++++ Data for review

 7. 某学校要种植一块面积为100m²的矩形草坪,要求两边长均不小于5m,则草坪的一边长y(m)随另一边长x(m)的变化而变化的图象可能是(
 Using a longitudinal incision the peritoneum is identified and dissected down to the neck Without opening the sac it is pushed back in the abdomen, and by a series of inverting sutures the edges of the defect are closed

++++++++
++++ Data for review

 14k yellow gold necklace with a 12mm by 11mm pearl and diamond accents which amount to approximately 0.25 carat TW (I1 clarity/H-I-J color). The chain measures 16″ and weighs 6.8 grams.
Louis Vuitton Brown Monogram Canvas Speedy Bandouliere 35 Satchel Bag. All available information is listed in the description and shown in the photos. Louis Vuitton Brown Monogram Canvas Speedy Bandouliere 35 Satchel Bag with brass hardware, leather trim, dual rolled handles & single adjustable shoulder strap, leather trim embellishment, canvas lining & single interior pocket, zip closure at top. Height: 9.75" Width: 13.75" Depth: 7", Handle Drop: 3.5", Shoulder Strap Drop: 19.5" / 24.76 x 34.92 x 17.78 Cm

++++++++

▶ **Work to be completed**
From the material above, set down exactly the lines starting at the one with "7. 某学校要种植一块面积为" and ending at the one with "Using a longitudinal", end lines included.

▶ **Reply**
 7. 某学校要种植一块面积为100m²的矩形草坪,要求两边长均不小于5m,则草坪的一边长y(m)随另一边长x(m)的变化而变化的图象可能是(
 Using a longitudinal incision the peritoneum is identified and dissected down to the neck Without opening the sac it is pushed back in the abdomen, and by a series of inverting sutures the edges of the defect are closed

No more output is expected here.